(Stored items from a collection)
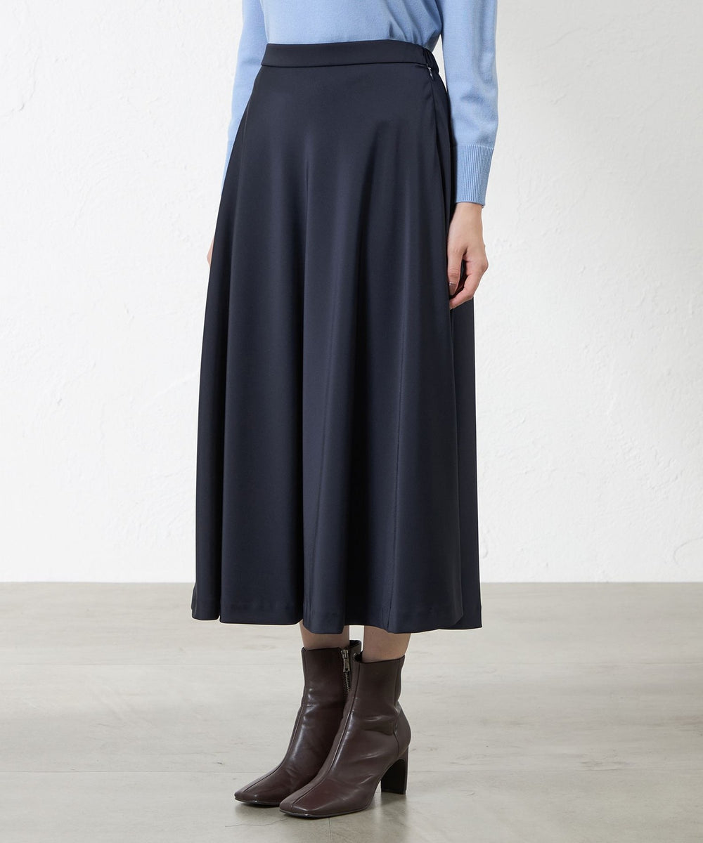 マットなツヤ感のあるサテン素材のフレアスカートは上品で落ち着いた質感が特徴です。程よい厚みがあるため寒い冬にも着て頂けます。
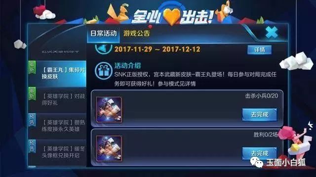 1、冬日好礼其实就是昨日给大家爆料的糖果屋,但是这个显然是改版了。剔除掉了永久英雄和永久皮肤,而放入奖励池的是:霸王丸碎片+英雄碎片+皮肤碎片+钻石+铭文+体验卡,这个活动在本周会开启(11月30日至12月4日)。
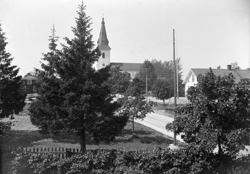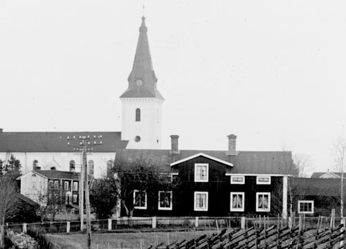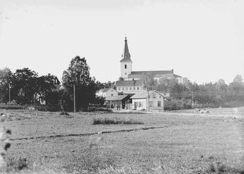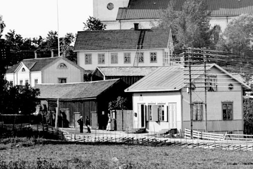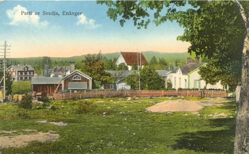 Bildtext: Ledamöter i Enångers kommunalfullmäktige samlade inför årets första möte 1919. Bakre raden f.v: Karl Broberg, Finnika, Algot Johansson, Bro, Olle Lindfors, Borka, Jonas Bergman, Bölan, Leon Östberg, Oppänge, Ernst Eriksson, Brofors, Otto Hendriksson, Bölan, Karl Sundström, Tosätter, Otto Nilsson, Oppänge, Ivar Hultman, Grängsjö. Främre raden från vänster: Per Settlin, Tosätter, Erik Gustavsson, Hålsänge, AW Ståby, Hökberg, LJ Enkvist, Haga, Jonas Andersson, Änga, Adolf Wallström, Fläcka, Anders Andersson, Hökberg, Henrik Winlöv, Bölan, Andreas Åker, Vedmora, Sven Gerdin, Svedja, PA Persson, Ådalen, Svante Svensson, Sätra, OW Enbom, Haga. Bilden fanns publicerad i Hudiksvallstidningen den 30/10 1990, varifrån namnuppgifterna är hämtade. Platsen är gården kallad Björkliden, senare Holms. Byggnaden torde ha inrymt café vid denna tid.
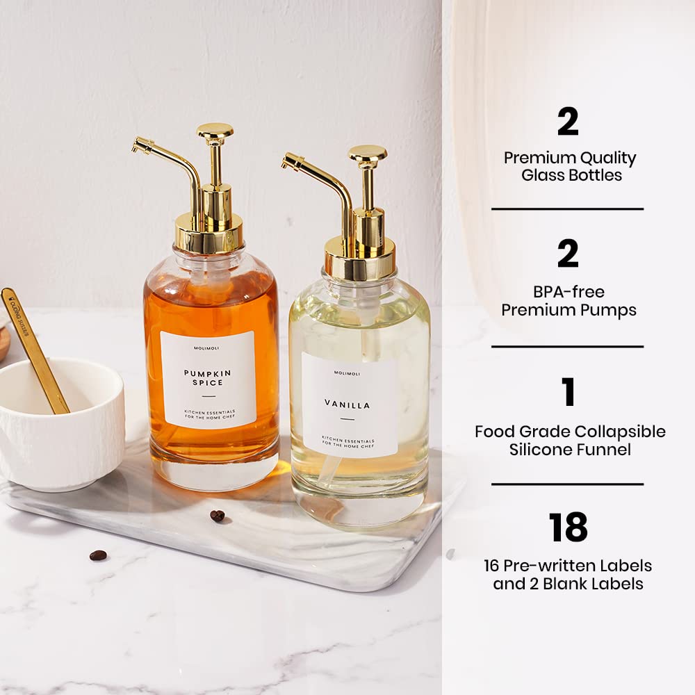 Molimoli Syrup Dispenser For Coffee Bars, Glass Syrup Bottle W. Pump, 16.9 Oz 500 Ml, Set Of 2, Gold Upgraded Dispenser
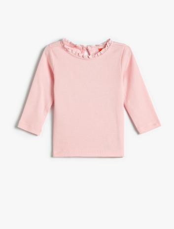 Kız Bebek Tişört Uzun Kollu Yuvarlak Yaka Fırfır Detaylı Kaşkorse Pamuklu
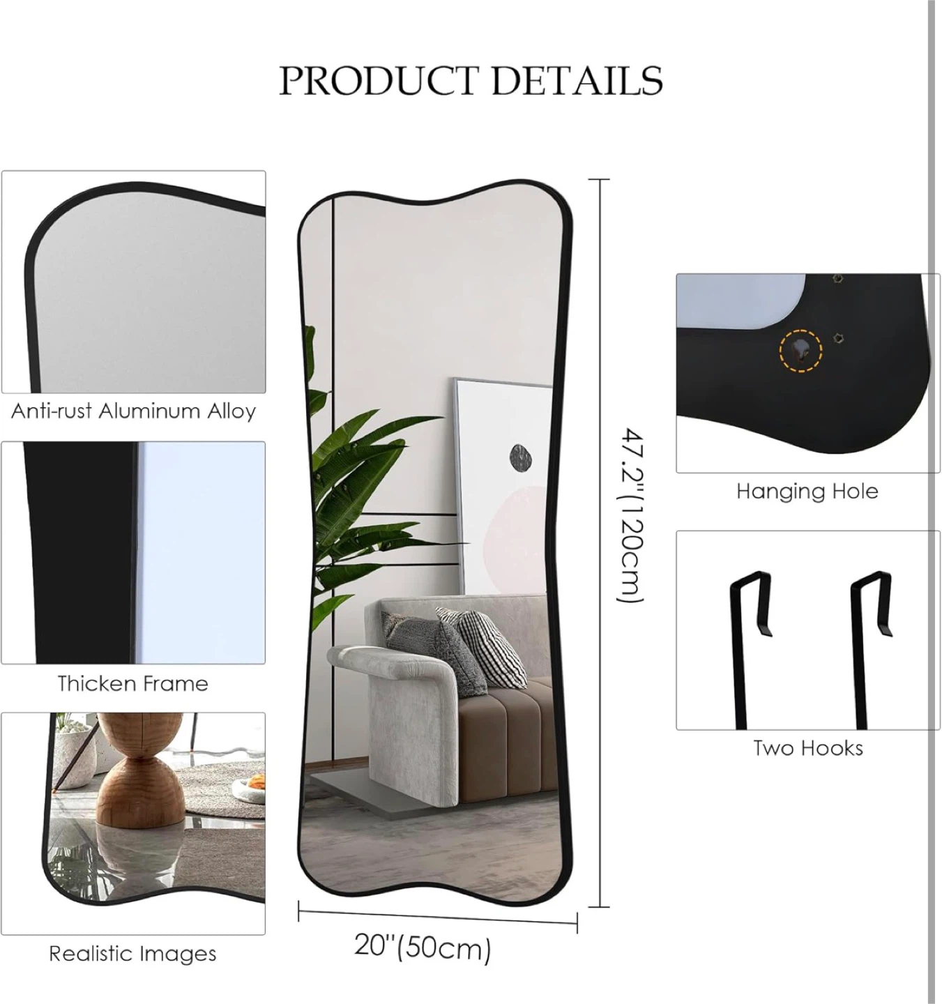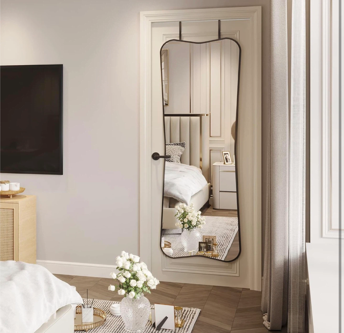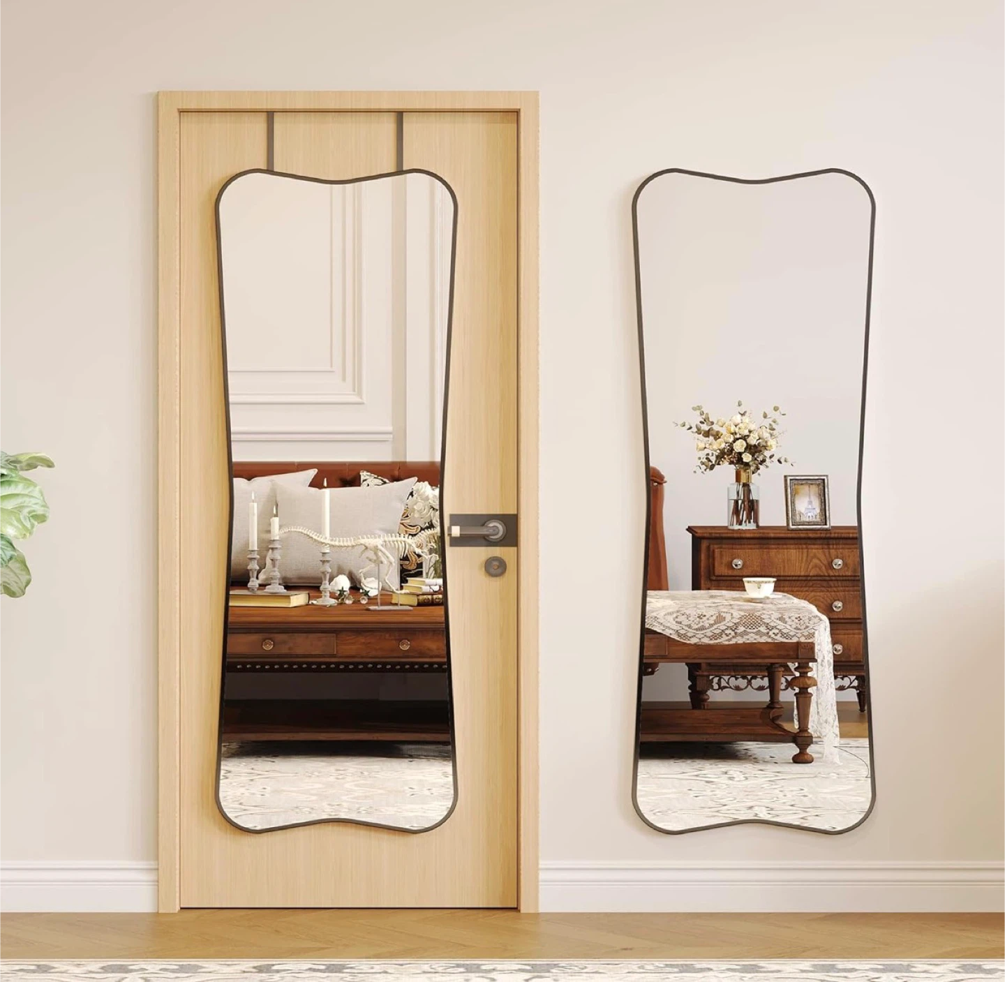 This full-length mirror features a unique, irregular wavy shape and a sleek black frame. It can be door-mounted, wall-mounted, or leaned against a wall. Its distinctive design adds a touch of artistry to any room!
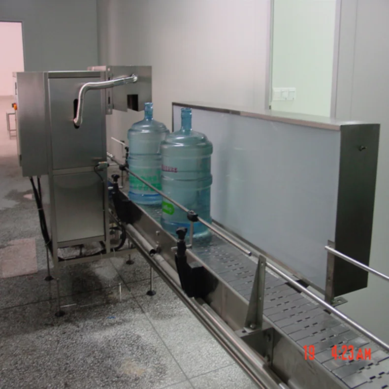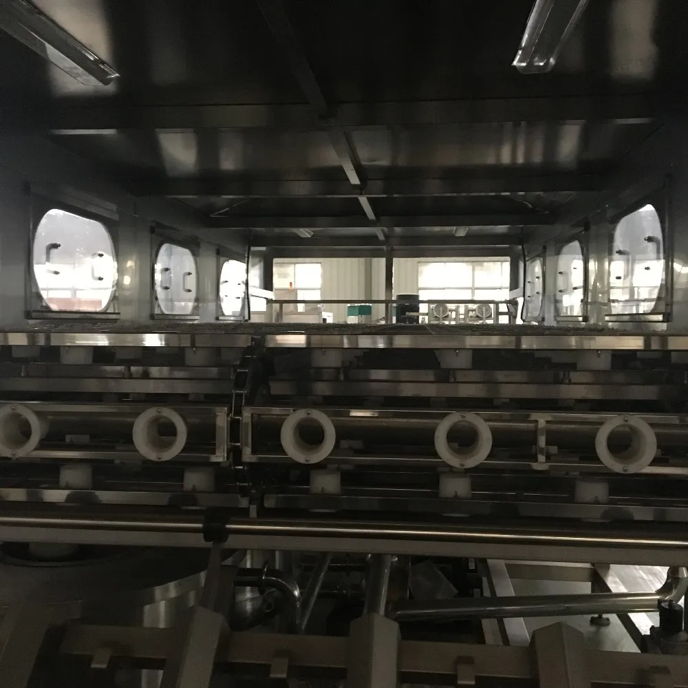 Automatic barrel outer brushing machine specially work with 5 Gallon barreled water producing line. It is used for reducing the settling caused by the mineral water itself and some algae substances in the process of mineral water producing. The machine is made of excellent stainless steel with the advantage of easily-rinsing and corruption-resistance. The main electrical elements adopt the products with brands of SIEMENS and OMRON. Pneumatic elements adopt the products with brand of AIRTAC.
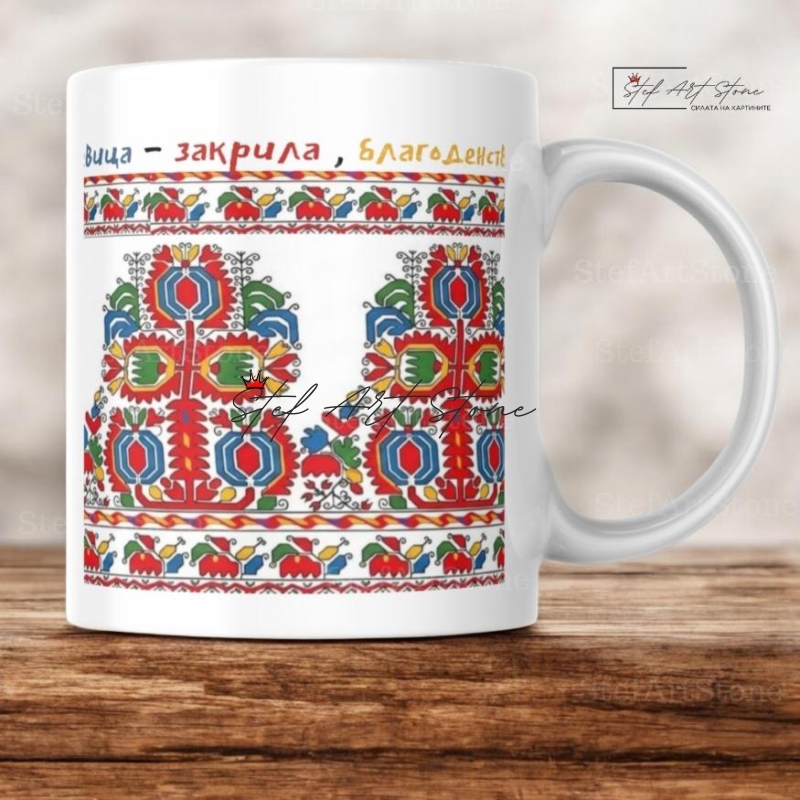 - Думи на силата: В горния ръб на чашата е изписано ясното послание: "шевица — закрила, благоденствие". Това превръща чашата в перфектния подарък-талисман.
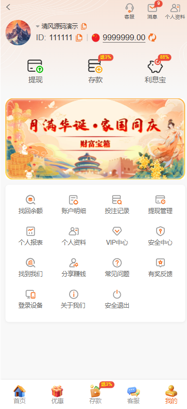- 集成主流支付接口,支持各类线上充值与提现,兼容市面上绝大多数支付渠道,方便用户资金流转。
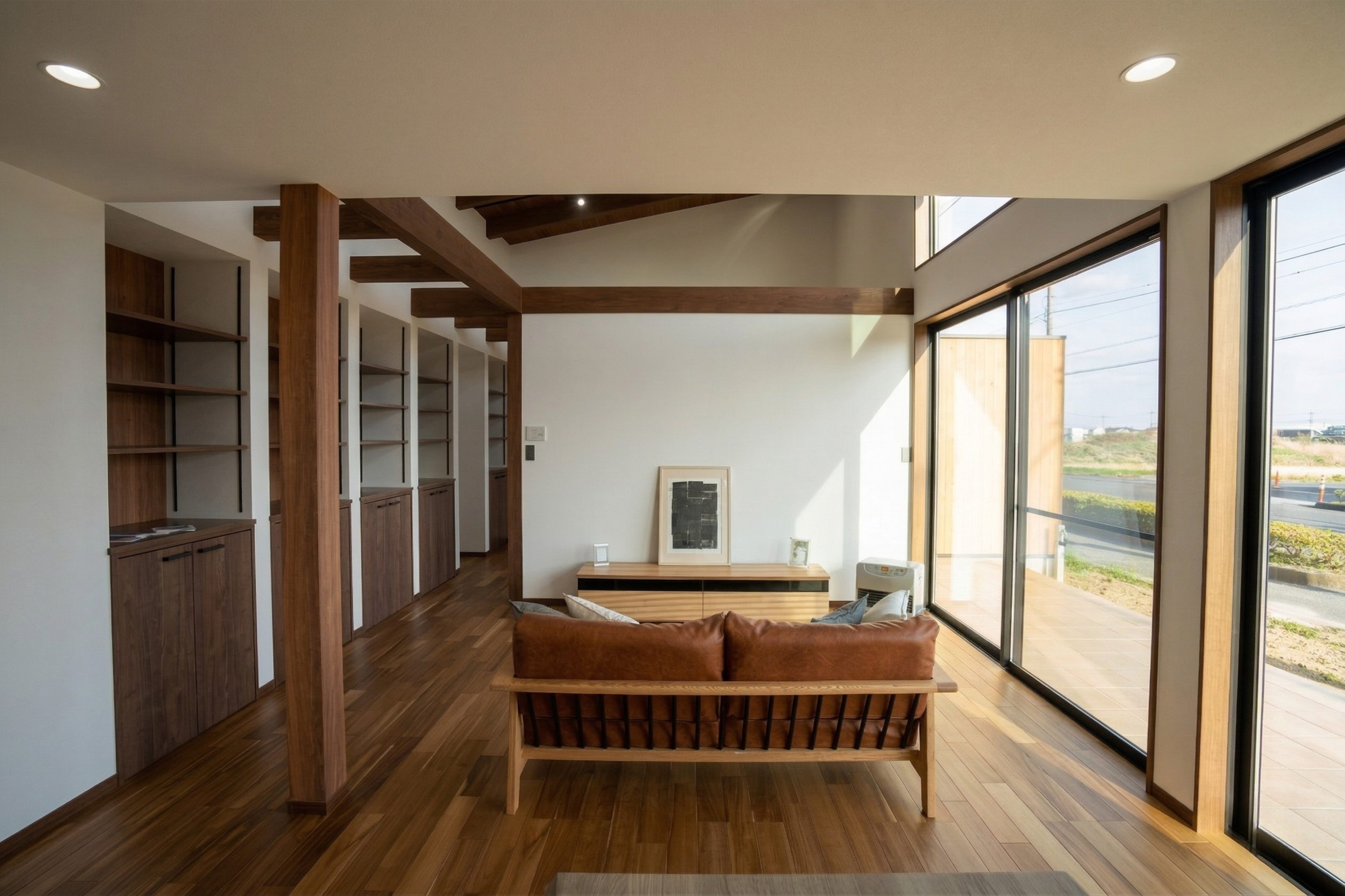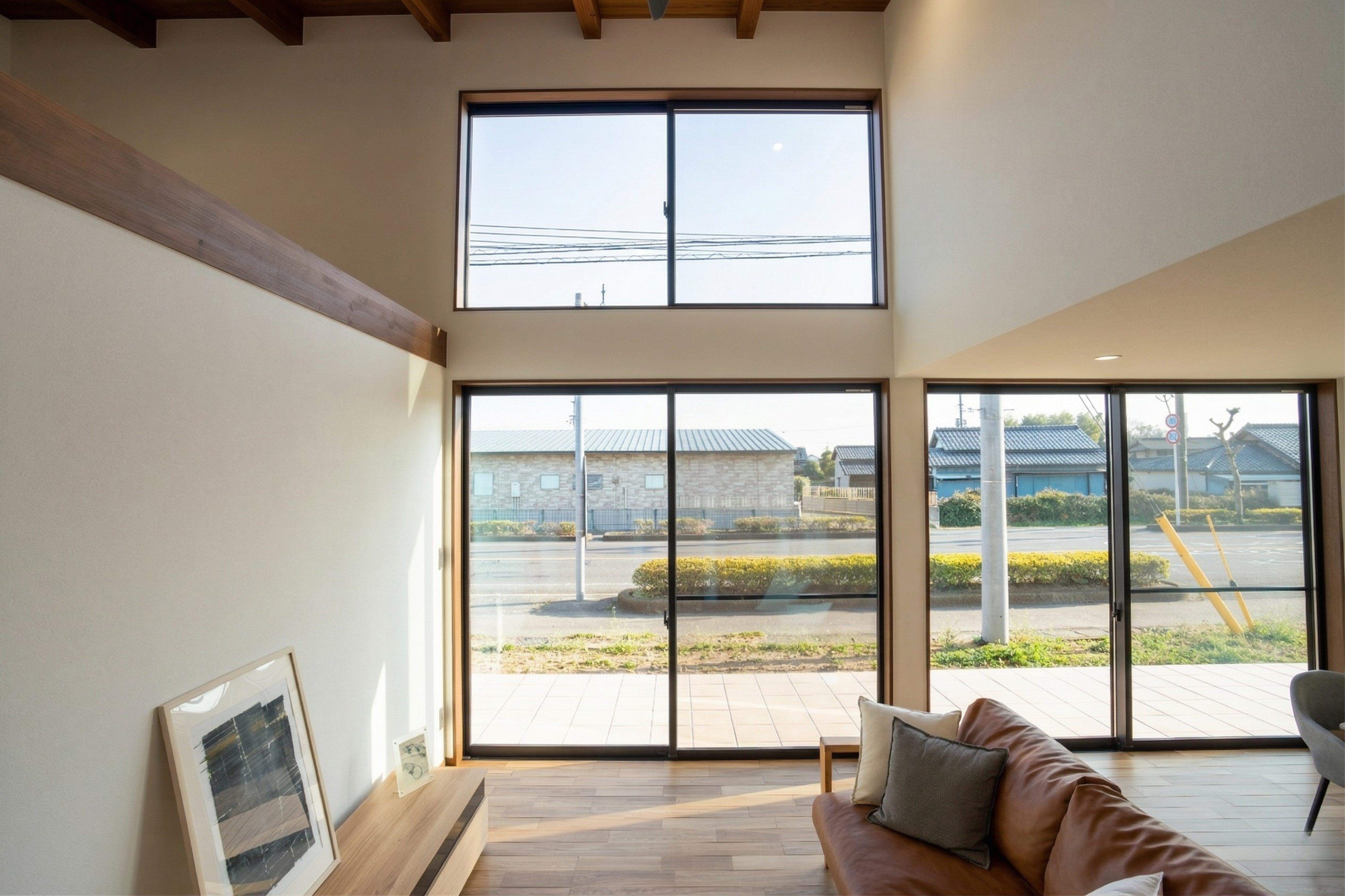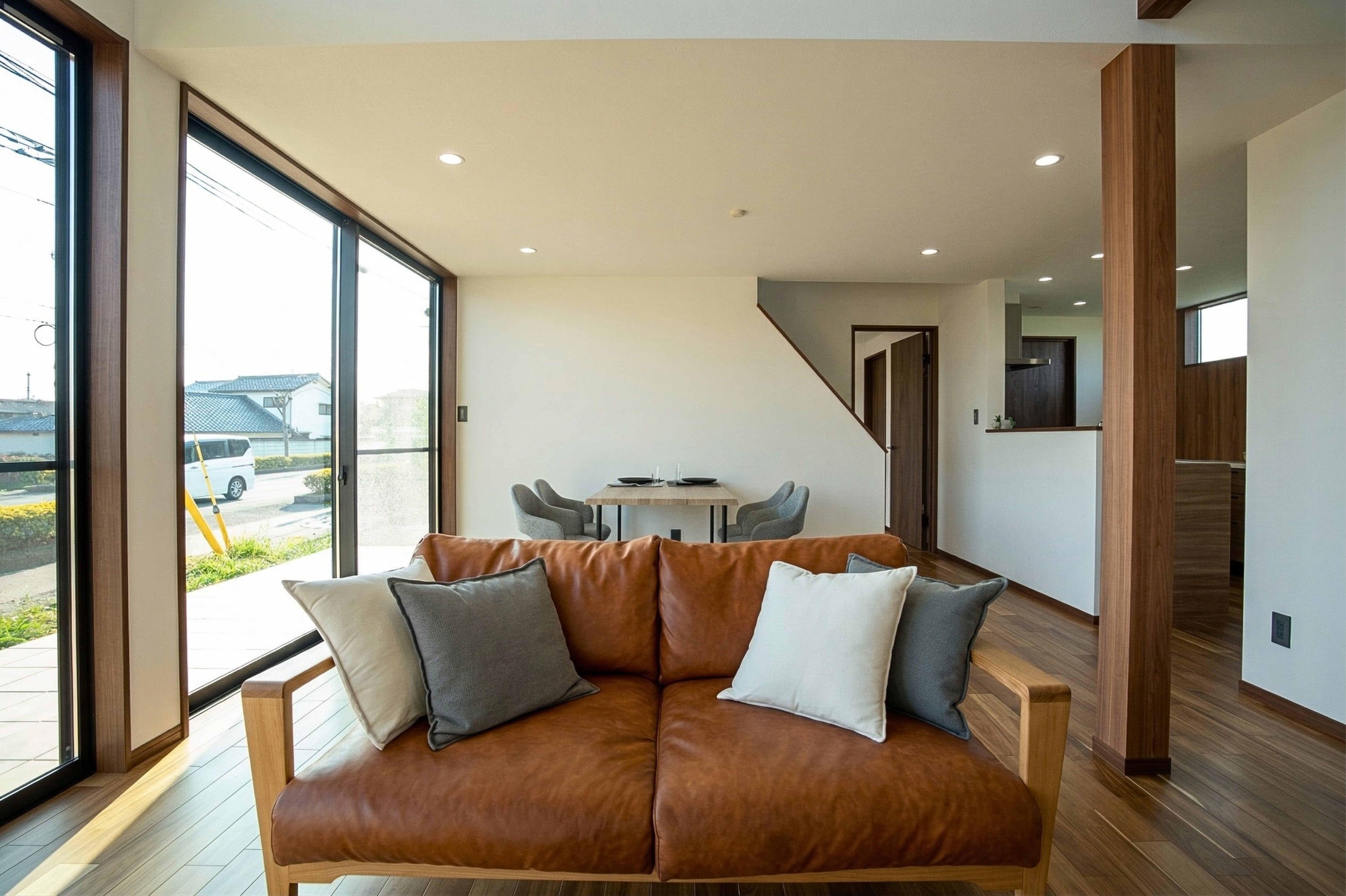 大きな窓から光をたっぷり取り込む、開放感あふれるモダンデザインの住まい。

Your instructions:
Restate the records above verbatim. Pictures stay out.

Response for this exercise:
 マットなツヤ感のあるサテン素材のフレアスカートは上品で落ち着いた質感が特徴です。程よい厚みがあるため寒い冬にも着て頂けます。
 1、冬日好礼其实就是昨日给大家爆料的糖果屋,但是这个显然是改版了。剔除掉了永久英雄和永久皮肤,而放入奖励池的是:霸王丸碎片+英雄碎片+皮肤碎片+钻石+铭文+体验卡,这个活动在本周会开启(11月30日至12月4日)。
 Bildtext: Ledamöter i Enångers kommunalfullmäktige samlade inför årets första möte 1919. Bakre raden f.v: Karl Broberg, Finnika, Algot Johansson, Bro, Olle Lindfors, Borka, Jonas Bergman, Bölan, Leon Östberg, Oppänge, Ernst Eriksson, Brofors, Otto Hendriksson, Bölan, Karl Sundström, Tosätter, Otto Nilsson, Oppänge, Ivar Hultman, Grängsjö. Främre raden från vänster: Per Settlin, Tosätter, Erik Gustavsson, Hålsänge, AW Ståby, Hökberg, LJ Enkvist, Haga, Jonas Andersson, Änga, Adolf Wallström, Fläcka, Anders Andersson, Hökberg, Henrik Winlöv, Bölan, Andreas Åker, Vedmora, Sven Gerdin, Svedja, PA Persson, Ådalen, Svante Svensson, Sätra, OW Enbom, Haga. Bilden fanns publicerad i Hudiksvallstidningen den 30/10 1990, varifrån namnuppgifterna är hämtade. Platsen är gården kallad Björkliden, senare Holms. Byggnaden torde ha inrymt café vid denna tid.
 Molimoli Syrup Dispenser For Coffee Bars, Glass Syrup Bottle W. Pump, 16.9 Oz 500 Ml, Set Of 2, Gold Upgraded Dispenser
 Kız Bebek Tişört Uzun Kollu Yuvarlak Yaka Fırfır Detaylı Kaşkorse Pamuklu
 This full-length mirror features a unique, irregular wavy shape and a sleek black frame. It can be door-mounted, wall-mounted, or leaned against a wall. Its distinctive design adds a touch of artistry to any room!
 Automatic barrel outer brushing machine specially work with 5 Gallon barreled water producing line. It is used for reducing the settling caused by the mineral water itself and some algae substances in the process of mineral water producing. The machine is made of excellent stainless steel with the advantage of easily-rinsing and corruption-resistance. The main electrical elements adopt the products with brands of SIEMENS and OMRON. Pneumatic elements adopt the products with brand of AIRTAC.
 - Думи на силата: В горния ръб на чашата е изписано ясното послание: "шевица — закрила, благоденствие". Това превръща чашата в перфектния подарък-талисман.
- 集成主流支付接口,支持各类线上充值与提现,兼容市面上绝大多数支付渠道,方便用户资金流转。
 大きな窓から光をたっぷり取り込む、開放感あふれるモダンデザインの住まい。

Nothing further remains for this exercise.